In his memoirs, UC President Clark Kerr portrayed Watkins as a tragic figure who died a broken man. Kerr came to visit Watkins in Santa Barbara after Watkins's retirement and found that "this once cheerful and effervescent personality was mute and despondent." Watkins came very close to creating one of the finest liberal arts colleges in the United States at Riverside, but his dream of a liberal arts college was immediately overtaken by politics and circumstances beyond his control, and the Board of Regents soon decided to turn Riverside into a full-fledged research university.

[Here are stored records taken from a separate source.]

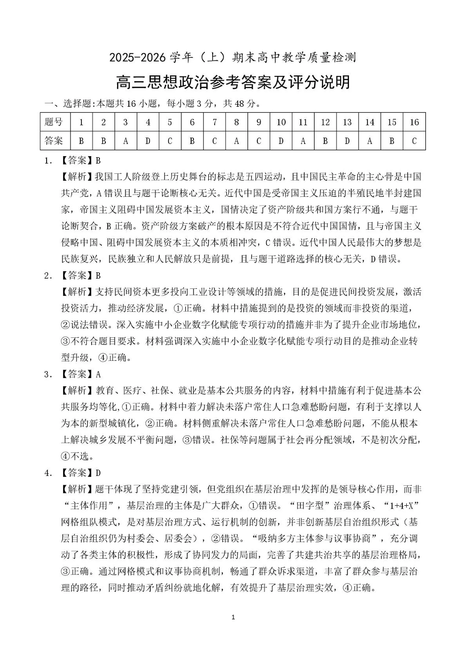 高三政治答案--福建省漳州市2026届高三上学期高中教学质量检测期末考试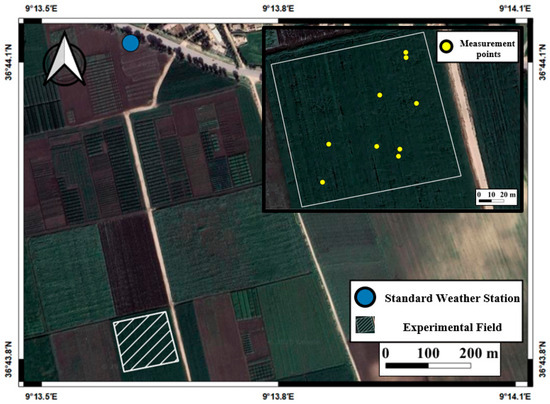 The field experiment was implemented at the Regional Field Crops Research Centre in Béja, northwestern Tunisia (36°44′05″ N, 9°13′35″ E). The study site is situated within the country’s main cereal belt and is characterized by a Mediterranean sub-humid climate with a temperate, hot, and dry summer according to the Köppen–Geiger climate classification [37]. The annual rainfall ranges between 500 and 850 mm and mean daily temperatures range from about 8 °C in winter to 30 °C in summer [4]. A map of the study area showing the experimental wheat field, the location of the meteorological station, and the sampling positions for the SWC and gCC measurements is provided in Figure 1.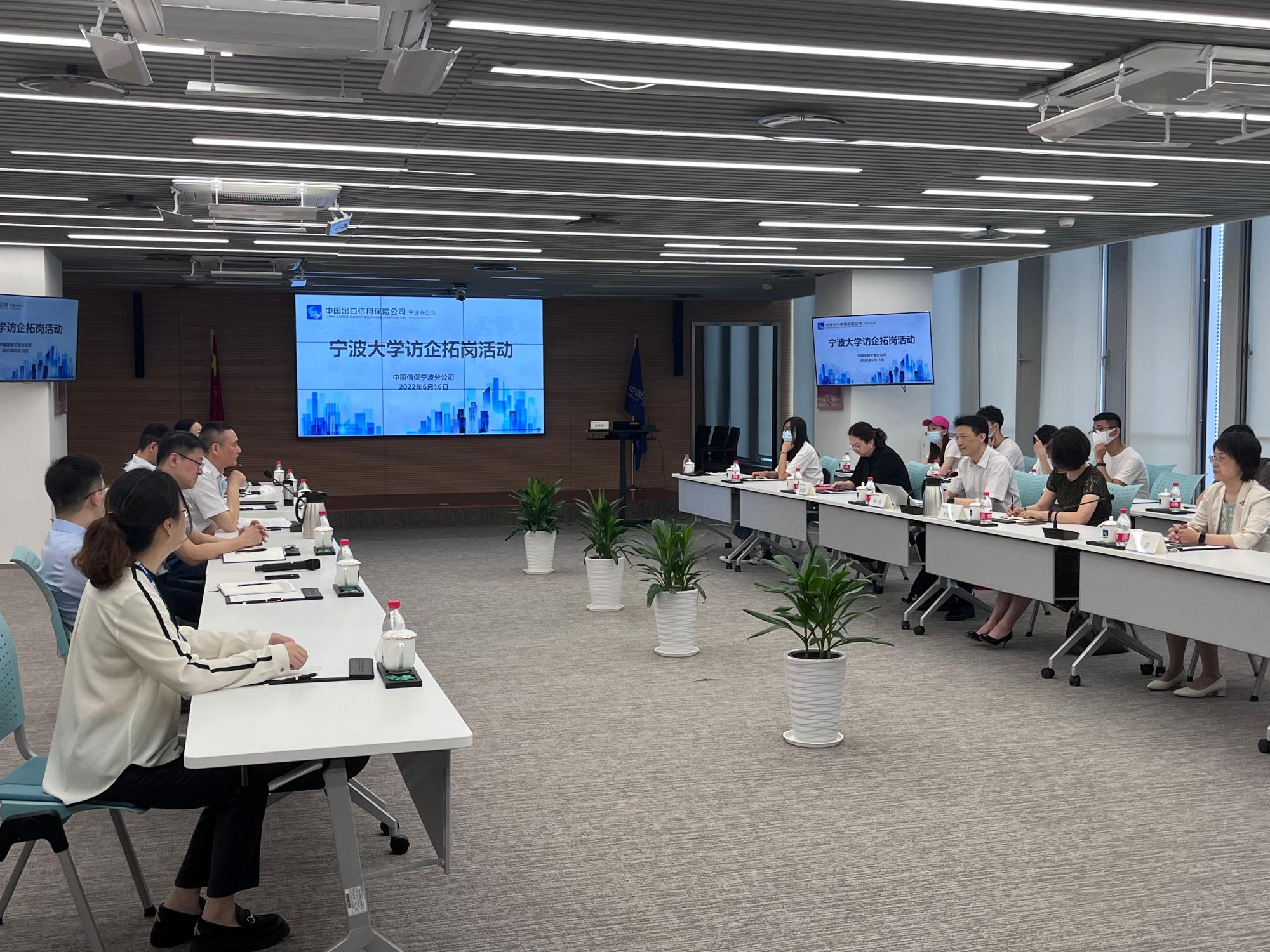 学生代表走访中国出口信用保险宁波分公司,开启了av直播访企拓岗第七站。中国出口信用保险宁波分公司副总经理余林建,人力资源处副主任王剑江以及包静姝、何宁、陈吟轶、王诗璎四位学长学姐热情接待了我校来访,校企双方进行座谈交流,此外,陈立峰、刘霞两位经理参与人才协同培养课题专项研讨。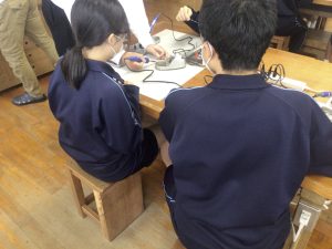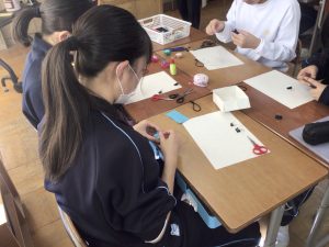 進路学習の一環として、高校生による出前授業を行いました。様々な各高校の特色を学んだり、体験活動をしたりしました。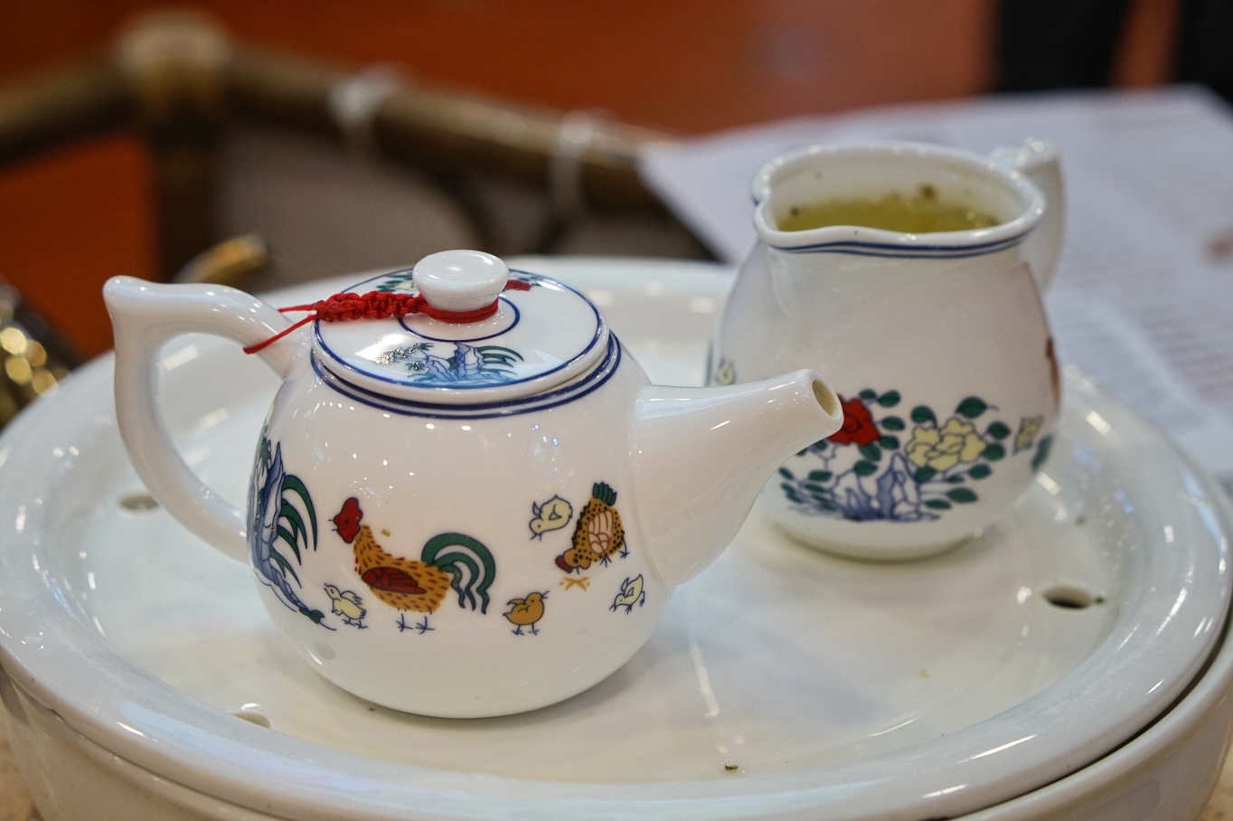 茶楼的茶水可选范围还是很大的,有红茶、绿茶、乌龙茶、花茶、 普洱 茶、菊花茶、玫瑰茶、铁观音等等。我们带着4岁的赵小猫,自然选了明目败火的菊花茶。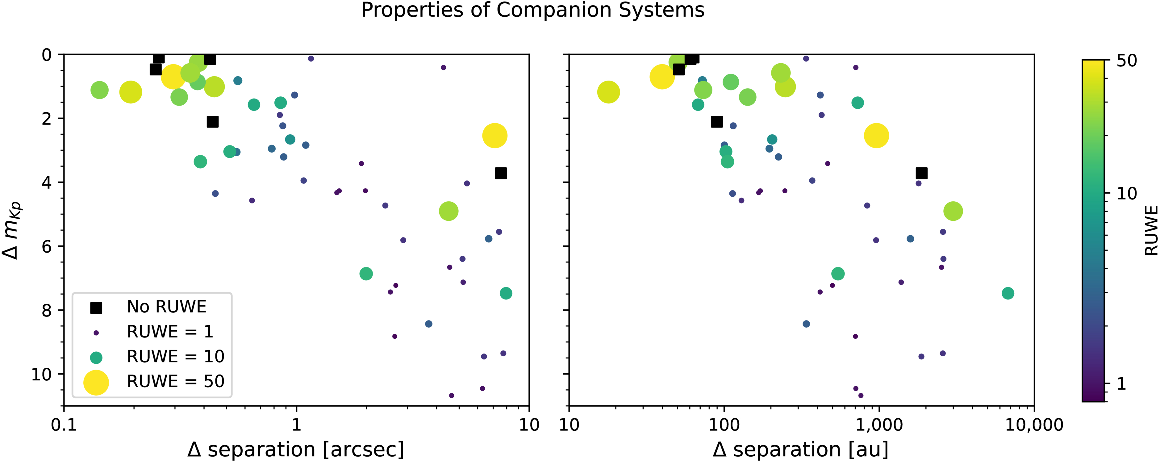 Imaged companions in our Kepler control sample, showing magnitude differences in the Kepler band as functions of projected (left) on-sky or (right) physical separations (measured with respect to the primary). Circle markers are colored and sized by the RUWE values of the primary star; black square markers indicate systems that did not have RUWE values available in Gaia DR3. The cutoff for on-sky separations to be included in our sample was roughly twice the Kepler pixel size (∼8″).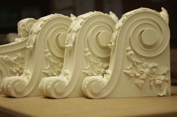 Gypsum is a porous material that requires careful care. Protect it from moisture and mechanical damage, and reapply paint or protective coating as needed. - Polyurethane elements.

In addition to his career as an educator, Watkins also served in varying capacities as an advisor and consultant. He was appointed by Presidents Franklin D. Roosevelt and Harry S. Truman as a member of fact-finding and labor arbitration boards, was a member of a federal mediation board panel, was an advisor to the Danish Committee on Public Monopolies, and counselor and director of the Building and Loan Institute of Los Angeles.

===Personal life===

Watkins met Anna Davis during his time at the University of Montana and the couple went on to get married.

===Death and legacy===

Gordon S. Watkins died on May 5, 1970, in Santa Barbara at the age of 81. UC Riverside's religious center was named Watkins House in his honor as was Watkins Hall which was named for him in 1966. The Watkins Oak was later planted beside Watkins 1000 to honor him as well and Watkins Drive runs past the Chancellor's residence on the outskirts of campus. The personal papers of Gordon Watkins and his wife Anna were donated to UC Riverside.

==Works==

- Labor Problems and Labor Administration in the United States During the World War. University of Illinois Studies in the Social Sciences, vol. 8, no. 4. Urbana, IL: University of Illinois, 1920.
- "Revolutionary Communism in the United States," American Political Science Review, vol. 14, no. 1 (Feb. 1920), pp. 14–33.
- An Introduction to the Study of Labor Problems. New York: Thomas Y. Crowell Co., 1922.
- The Background of Economics. With Merlin H. Hunter. New York: McGraw-Hill, 1923.
- The Management of Labor Relations. With Paul A. Dodd. New York: McGraw-Hill, 1938.
- Labor Problems. With Paul A. Dodd. New York: Thomas Y. Crowell Co., 1940.
- Labor in the American Economy. Philadelphia, 1951.